8. When changing from a speech section to a non-speech section, the second non-speech coding method regards consecutive n frames including a change point frame as speech frames and transmits speech code, Frame transmits the frame type information as the first non-speech frame that does not include the non-speech code, dequantizes the non-speech code of the first non-speech frame to generate dequantized values of multiple element codes. , At the same time, a predetermined or random dequantized value of another element code is generated, and the dequantized value of each element code of two consecutive frames is calculated using the quantization table of the second speech coding method. Each of them is quantized and converted into a speech code for one frame of the second speech coding method, and after outputting speech code of the second speech coding method for n frames, the first non-speech without any non-speech code Frame of frame Sends the type information, voice code conversion method according to claim 9, wherein a.

9. A voice code conversion device for converting a first voice code obtained by encoding an input signal by a first voice encoding system into a second voice code of a second voice encoding system, A code separation unit that separates the first non-speech code obtained by encoding the non-speech signal included in the input signal by the non-speech compression function of the first speech encoding method into the first plurality of element codes,
A plurality of one element code, element code conversion unit for converting to a second plurality of element code constituting the second non-speech code, multiplex each second element code obtained by the conversion A speech code conversion device comprising: a code multiplexing unit that outputs a non-voice code of 2.

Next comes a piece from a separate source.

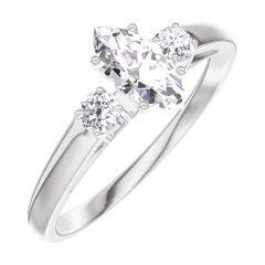Inel Aur alb 18 carate - Diamant Marquise 0.3 carate - Pietre laterale Diamant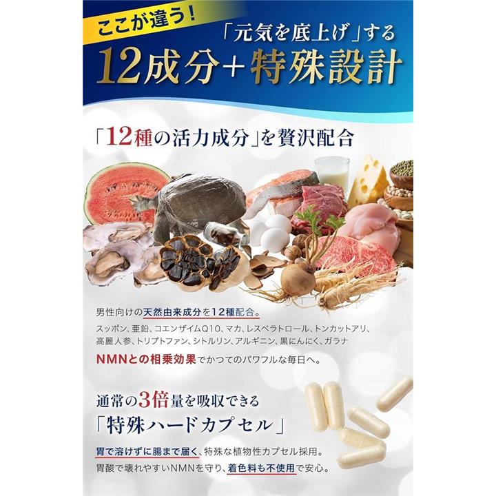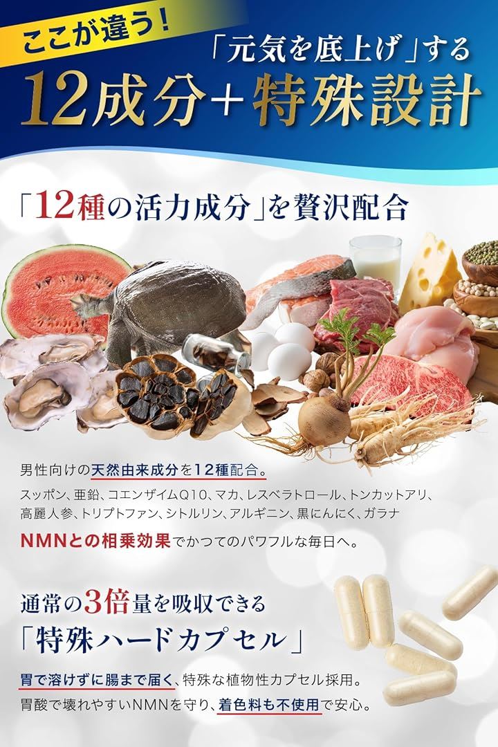 NMN サプリメント 15000mg 国内産 β-NMN 高年 男性用 高純度100% マカ 亜鉛 すっぽん 耐酸性カプセル |

10. A first voice code obtained by encoding a voice signal in a voice section by a first voice encoding method frame by frame with a fixed number of samples of an input signal and non-voice in a non-voice section. The first non-speech code obtained by encoding the signal by the first non-speech encoding system is mixed and transmitted from the transmitting side, and the first speech code and the first non-speech code are respectively transmitted to the second non-speech code. Second by the voice coding system of
Communication in which the second voice code and the second non-voice code obtained by the conversion are respectively transmitted to the receiving side. In the voice transcoding device in the system, based on the frame type information added to the code information, a frame type identification for discriminating between a voice frame, a non-voice frame, and a non-transmission frame in which a non-voice code is not transmitted in a non-voice section Part, the first non-speech code in the non-speech frame is inversely quantized based on the same quantization table as the first non-speech encoding scheme, and the obtained dequantized value is the second non-speech encoding scheme. A non-speech code conversion unit that quantizes and converts to a second non-speech code based on the same quantization table as the first,
A voice code conversion, comprising: a conversion control unit that controls the non-voice code conversion unit in consideration of a difference in frame length in the second non-voice encoding system and a difference in transmission control of the non-voice code. apparatus.